Locates the host portion of a URL-shaped string with a hand-rolled splitter, ASCII-encodes that host, and substitutes it back, leaving the rest of the string untouched.

Usage

url_encode(url, strict = getOption("punycoder.strict", TRUE))

Arguments

url

Character vector of URL-shaped strings with potential Unicode hosts

strict

Logical; whether to apply strict validation. Defaults to `getOption("punycoder.strict", TRUE)`.

Value

A character vector the same length as url, with each element containing the URL with its host portion ASCII-encoded. Only the domain component is transformed; scheme, path, query, and fragment are preserved. Elements corresponding to NA inputs are NA_character_.

Details

This is **best-effort host extraction and rewriting, not URL parsing or canonicalization.** It is deliberately *not* RFC 3986 / WHATWG URL conformant. Non-goals (handled upstack, e.g. by `rurl`): percent encoding/decoding, scheme validation, port/path/query semantics, full IPv6 (including zone IDs / RFC 6874), and URL serialization. Pass only the host to [host_normalize()] / [puny_encode()] when you control the parse; use this helper only for quick host rewriting in an already-trusted URL-shaped string.

Deprecated

This function is deprecated and slated for removal in a future release.
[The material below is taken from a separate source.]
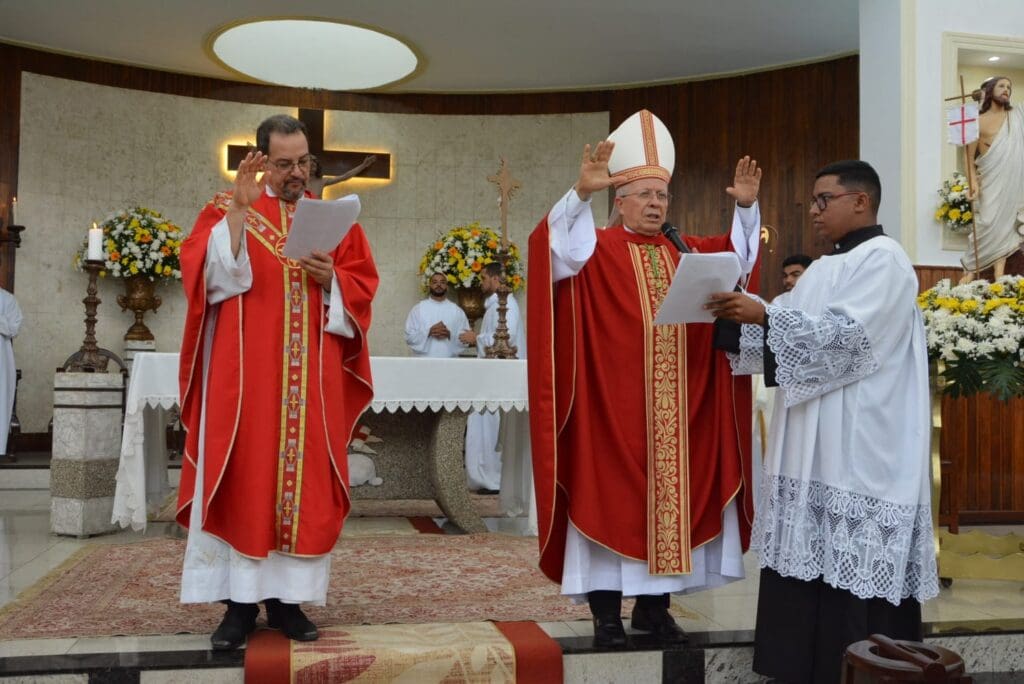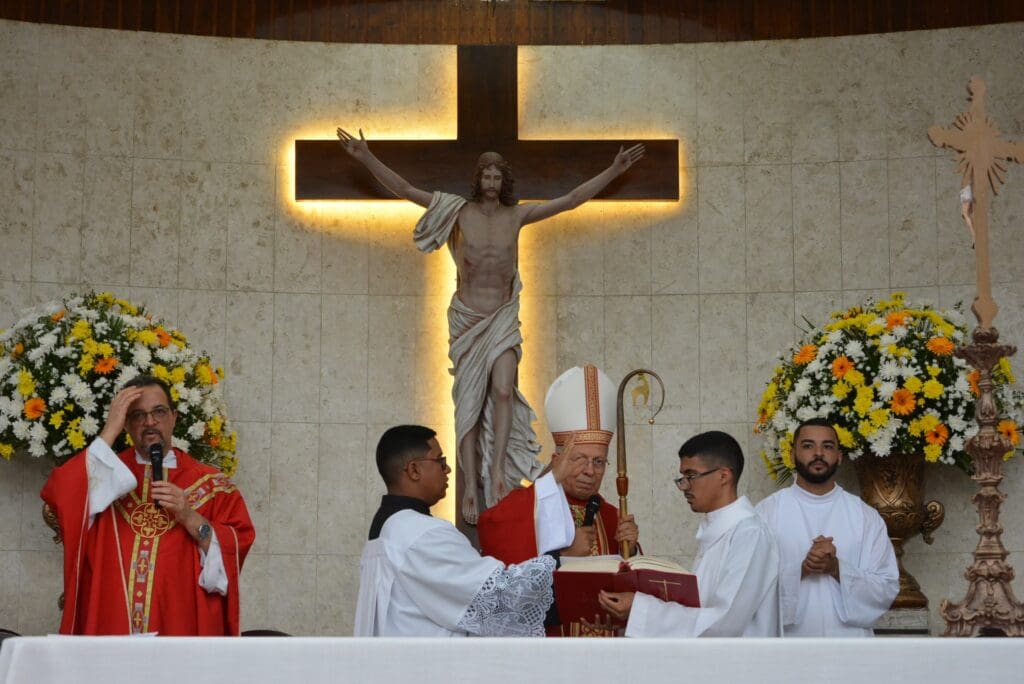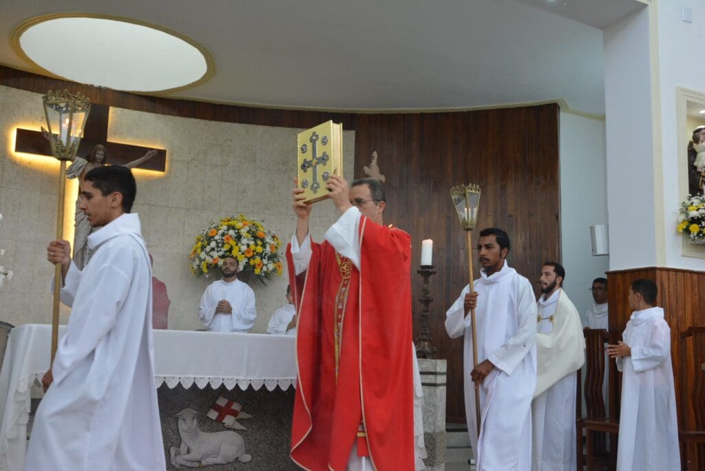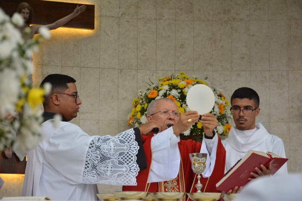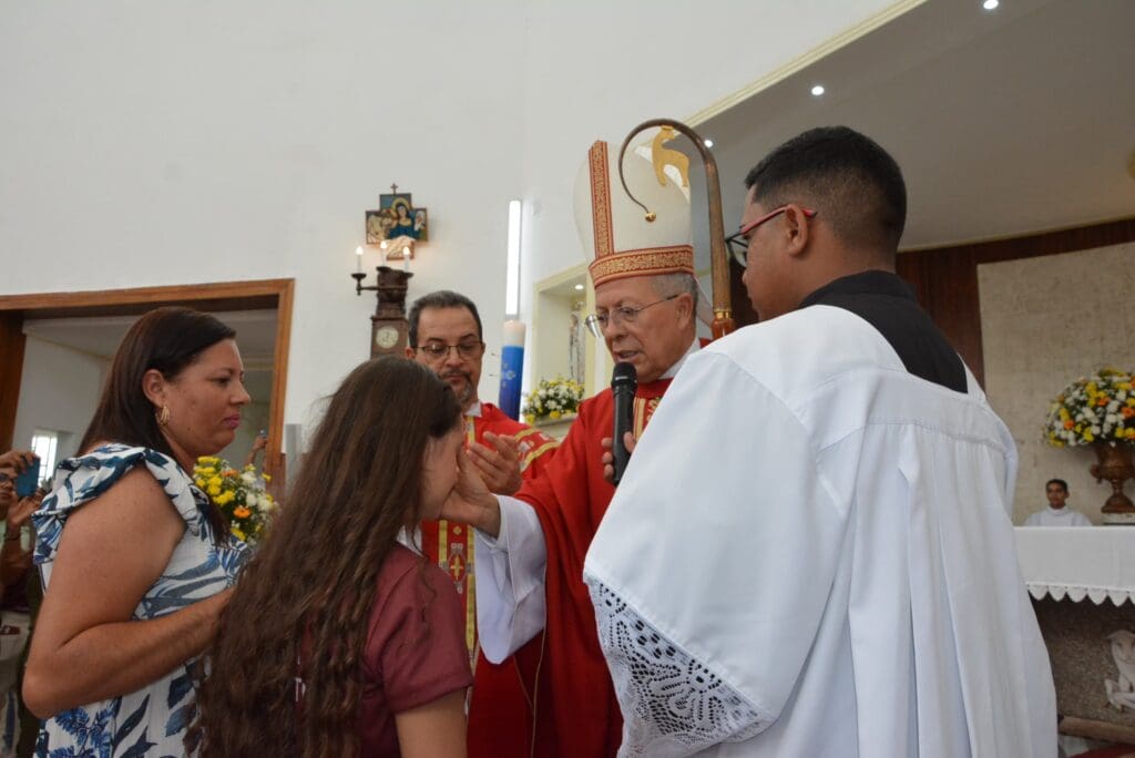A celebração das 10h30 na matriz foi presidida pelo Administrador Apostólico de Vitória da Conquista, Dom Josafá Menezes da Silva; que conferiu o Sacramento da Confirmação para 57 jovens e adultos da Paróquia.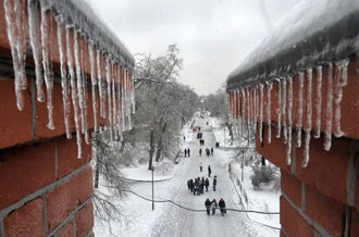一場暴風(fēng)雪26日撲向美國東北部的新澤西州、紐約市等地,同時伴有時速達到四五十哩的勁風(fēng),預(yù)計26日及27日為這些地區(qū)帶來十英寸左右的積雪。公路行車危險大增,卷起的漫天白雪可能造成航班嚴重誤點,導(dǎo)致華盛頓、紐約和波士頓機場近日取消航班。圖為紐約法拉盛街頭掃雪車正在清理公路積雪。中新社記者 孫宇挺 攝

For URL parsing and canonicalization use a dedicated URL package (e.g. `rurl`); for host-only encoding pass the host alone to [host_normalize()] or [puny_encode()].

See also

url_decode for the reverse operation, puny_encode for domain-only encoding, parse_url for URL component extraction.

Examples

# \donttest{
# Basic URL encoding
url_encode("https://caf\u00E9.example.com/path?query=value")
#> Warning: 'url_encode()' is deprecated and will be removed in a future release.
#> Use the 'rurl' package for URL parsing/canonicalization, or host_normalize() / puny_encode() for host-only encoding.
#> [1] "https://xn--caf-dma.example.com/path?query=value"
url_encode(
  "https://\u043C\u043E\u0441\u043A\u0432\u0430.\u0440\u0444/page"
)
#> Warning: 'url_encode()' is deprecated and will be removed in a future release.
#> Use the 'rurl' package for URL parsing/canonicalization, or host_normalize() / puny_encode() for host-only encoding.
#> [1] "https://xn--80adxhks.xn--p1ai/page"

# Vectorized URL encoding
urls <- c(
  "https://caf\u00E9.com/menu",
  "https://\u5317\u4EAC.\u4E2D\u56FD/info"
)
url_encode(urls)
#> Warning: 'url_encode()' is deprecated and will be removed in a future release.
#> Use the 'rurl' package for URL parsing/canonicalization, or host_normalize() / puny_encode() for host-only encoding.
#> [1] "https://xn--caf-dma.com/menu"       "https://xn--1lq90i.xn--fiqs8s/info"
# }